■ **Data supplied**:
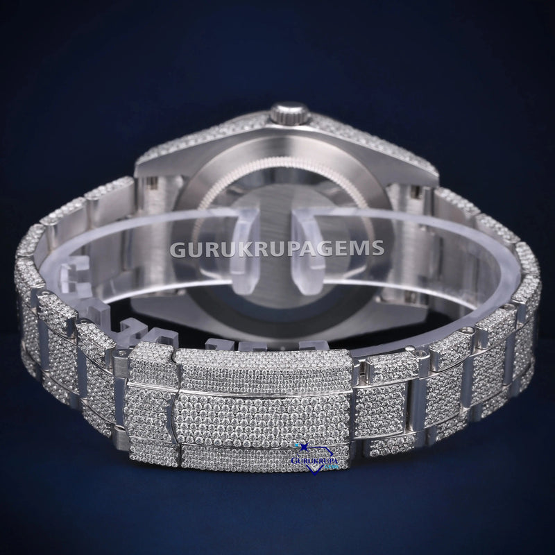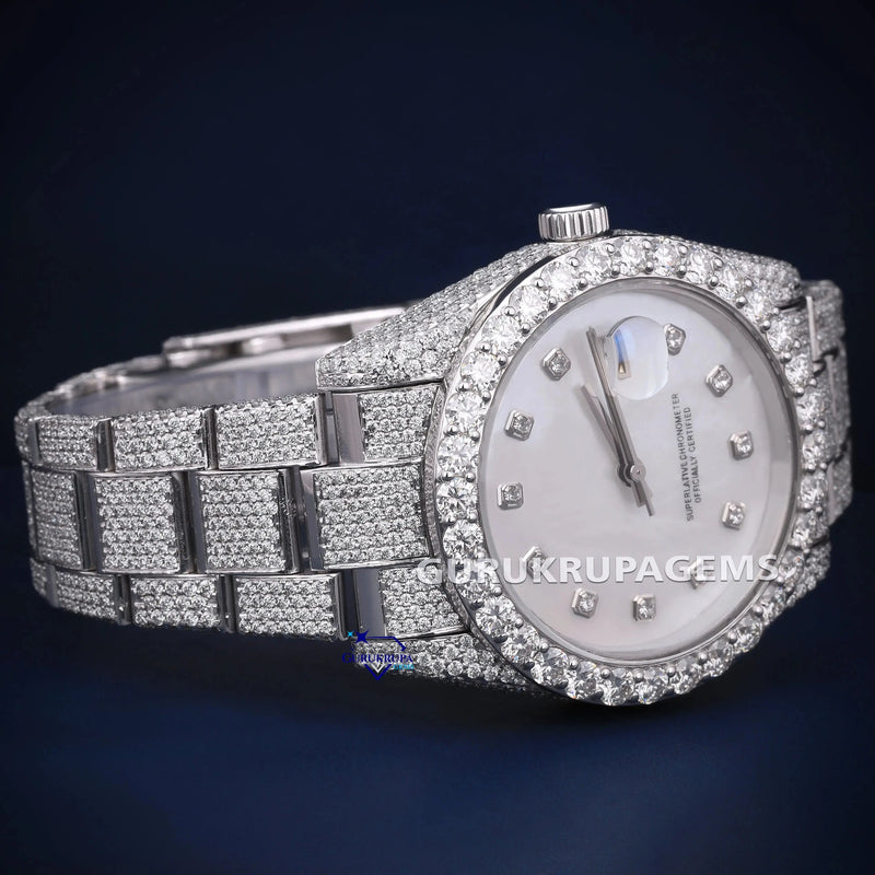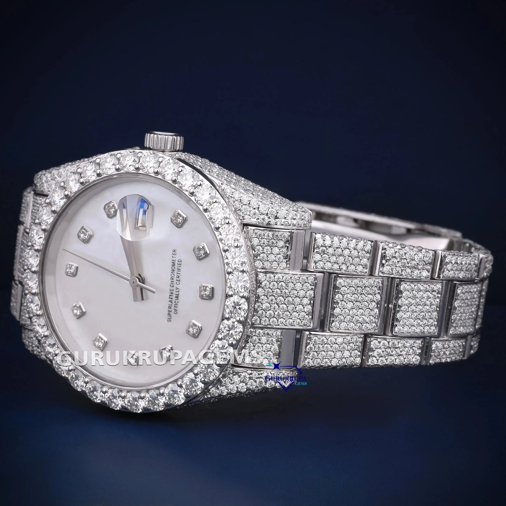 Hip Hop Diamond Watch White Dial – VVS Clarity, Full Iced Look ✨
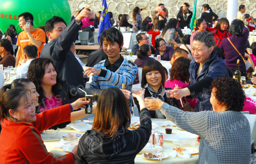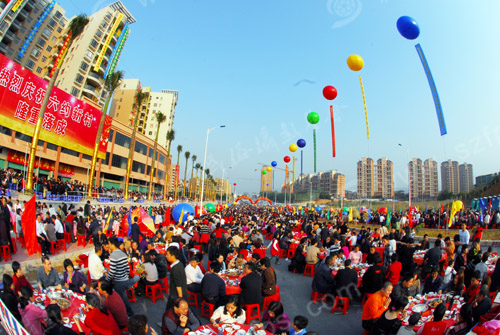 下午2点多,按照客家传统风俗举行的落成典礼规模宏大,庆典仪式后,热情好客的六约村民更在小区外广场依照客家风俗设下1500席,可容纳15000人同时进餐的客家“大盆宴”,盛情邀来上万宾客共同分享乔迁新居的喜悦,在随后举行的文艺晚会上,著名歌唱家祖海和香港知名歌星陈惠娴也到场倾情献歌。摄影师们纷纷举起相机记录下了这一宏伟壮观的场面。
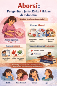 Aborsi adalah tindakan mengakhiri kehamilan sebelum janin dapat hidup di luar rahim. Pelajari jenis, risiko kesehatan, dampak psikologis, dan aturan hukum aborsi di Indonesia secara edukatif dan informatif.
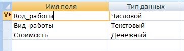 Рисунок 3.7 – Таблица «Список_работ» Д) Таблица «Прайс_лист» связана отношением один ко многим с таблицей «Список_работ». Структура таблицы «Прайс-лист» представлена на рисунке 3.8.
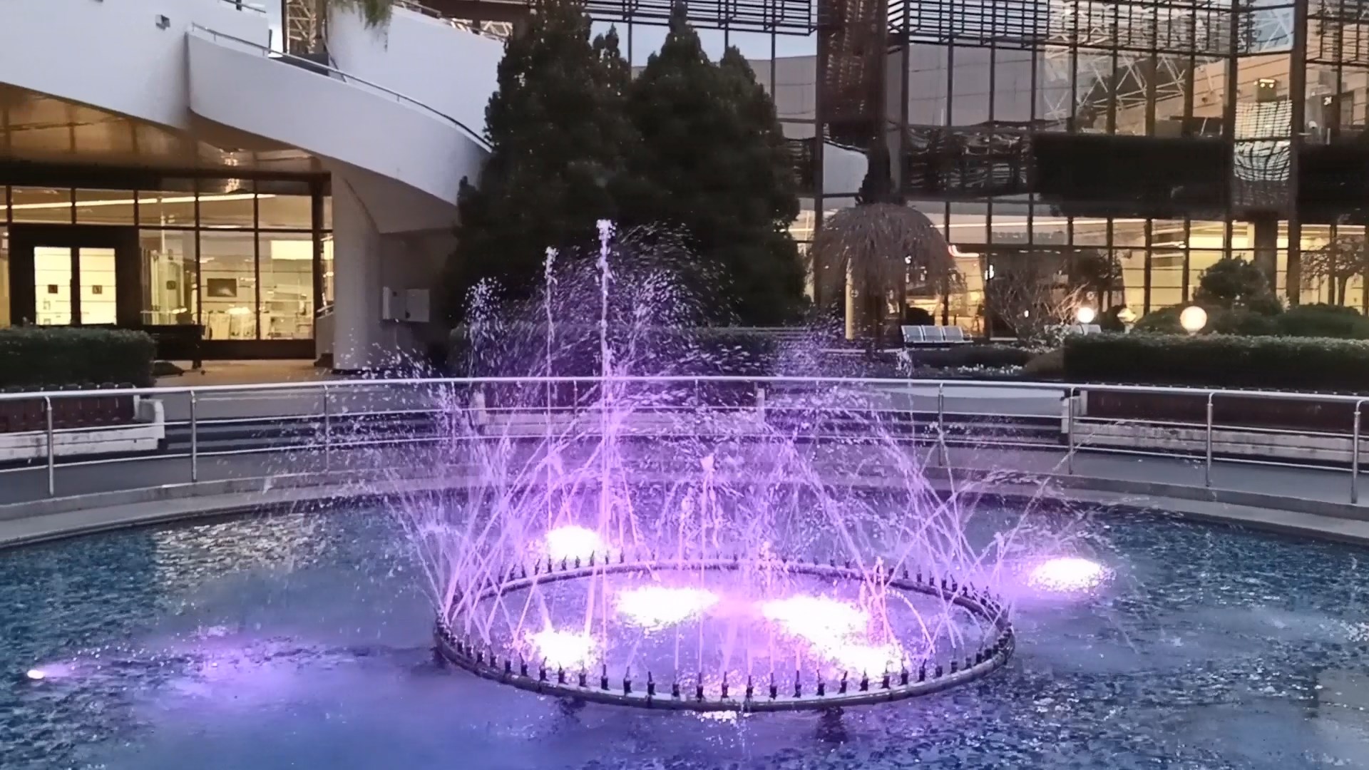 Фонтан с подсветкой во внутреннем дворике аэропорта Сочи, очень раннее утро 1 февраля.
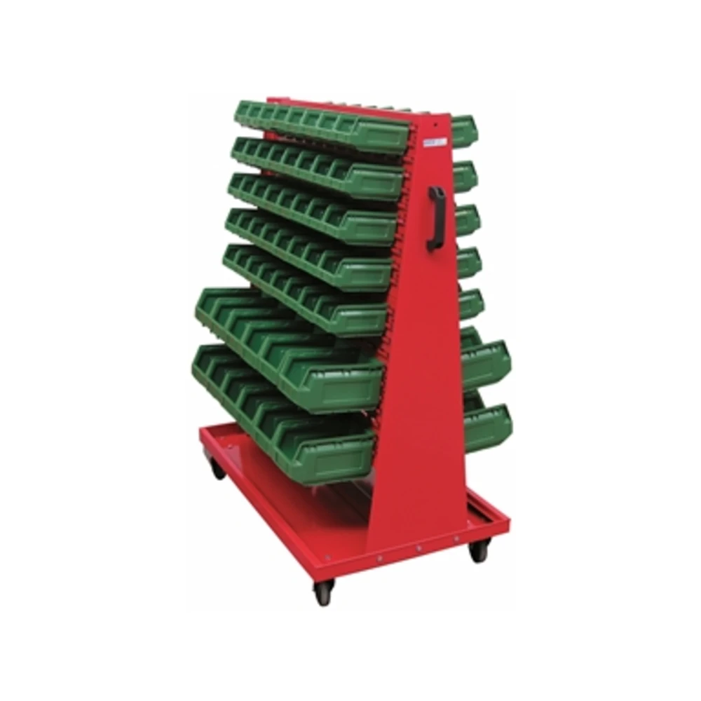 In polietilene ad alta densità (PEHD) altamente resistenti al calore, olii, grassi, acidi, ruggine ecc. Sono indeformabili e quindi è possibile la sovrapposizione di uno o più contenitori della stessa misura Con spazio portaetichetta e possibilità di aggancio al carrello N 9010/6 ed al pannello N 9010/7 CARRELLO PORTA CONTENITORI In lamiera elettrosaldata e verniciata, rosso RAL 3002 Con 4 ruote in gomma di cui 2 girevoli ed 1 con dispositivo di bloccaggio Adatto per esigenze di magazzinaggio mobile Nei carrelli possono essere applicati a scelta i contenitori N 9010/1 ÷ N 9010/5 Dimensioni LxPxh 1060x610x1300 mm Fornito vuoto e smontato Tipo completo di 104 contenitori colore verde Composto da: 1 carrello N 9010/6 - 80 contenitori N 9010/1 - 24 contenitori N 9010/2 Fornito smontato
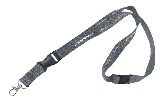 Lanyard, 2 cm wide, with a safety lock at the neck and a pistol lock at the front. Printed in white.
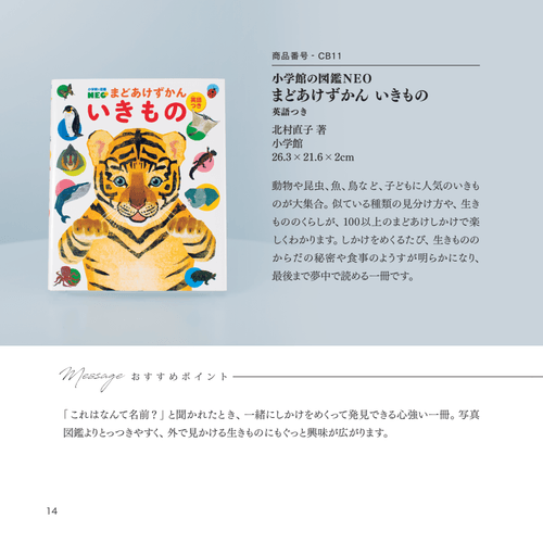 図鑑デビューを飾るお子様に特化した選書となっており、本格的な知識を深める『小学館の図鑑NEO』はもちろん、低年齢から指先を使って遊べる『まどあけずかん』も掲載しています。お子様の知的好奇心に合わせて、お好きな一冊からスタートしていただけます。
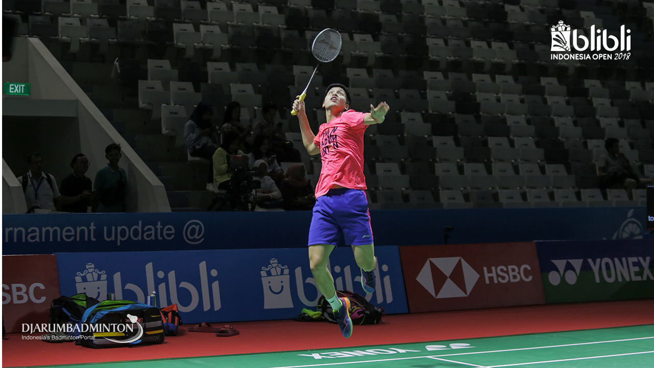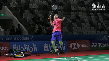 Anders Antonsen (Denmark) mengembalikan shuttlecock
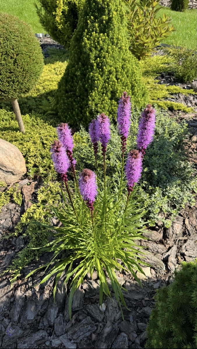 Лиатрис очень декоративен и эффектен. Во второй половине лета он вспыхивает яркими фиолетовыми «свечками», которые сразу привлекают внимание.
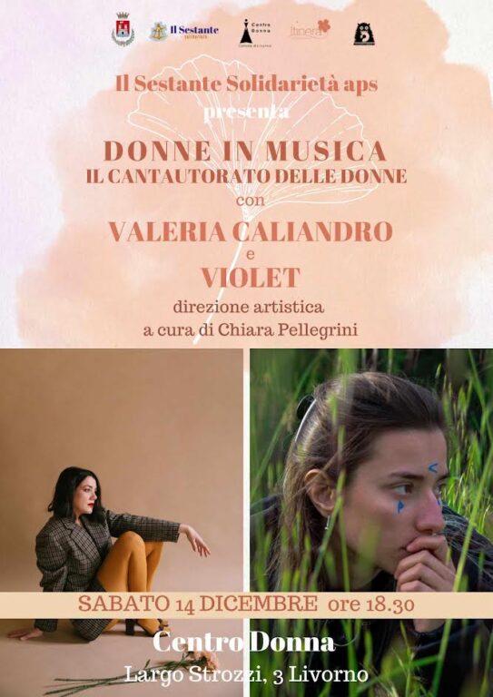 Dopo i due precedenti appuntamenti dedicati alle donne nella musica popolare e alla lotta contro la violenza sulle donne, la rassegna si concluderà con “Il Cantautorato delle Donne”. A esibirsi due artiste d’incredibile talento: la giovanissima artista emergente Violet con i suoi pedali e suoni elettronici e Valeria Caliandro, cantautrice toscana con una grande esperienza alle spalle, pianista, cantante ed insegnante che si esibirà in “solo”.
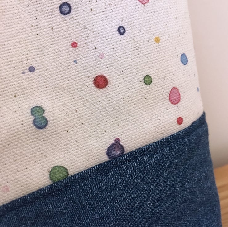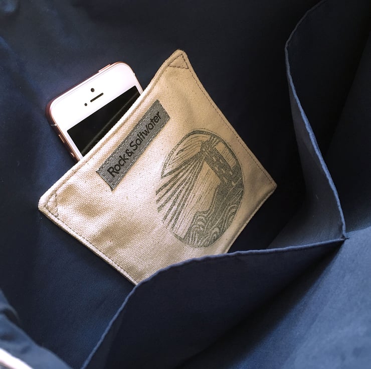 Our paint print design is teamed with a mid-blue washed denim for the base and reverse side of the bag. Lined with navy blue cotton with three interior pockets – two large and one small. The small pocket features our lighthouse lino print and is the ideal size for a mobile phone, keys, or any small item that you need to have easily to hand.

■ **Task description**:
Using the listing above, write out exactly the lines from the one that holds "Лиатрис очень декоративен" through the last line, both included, and omit pictures.

■ **Task result**:
 Лиатрис очень декоративен и эффектен. Во второй половине лета он вспыхивает яркими фиолетовыми «свечками», которые сразу привлекают внимание.
 Dopo i due precedenti appuntamenti dedicati alle donne nella musica popolare e alla lotta contro la violenza sulle donne, la rassegna si concluderà con “Il Cantautorato delle Donne”. A esibirsi due artiste d’incredibile talento: la giovanissima artista emergente Violet con i suoi pedali e suoni elettronici e Valeria Caliandro, cantautrice toscana con una grande esperienza alle spalle, pianista, cantante ed insegnante che si esibirà in “solo”.
 Our paint print design is teamed with a mid-blue washed denim for the base and reverse side of the bag. Lined with navy blue cotton with three interior pockets – two large and one small. The small pocket features our lighthouse lino print and is the ideal size for a mobile phone, keys, or any small item that you need to have easily to hand.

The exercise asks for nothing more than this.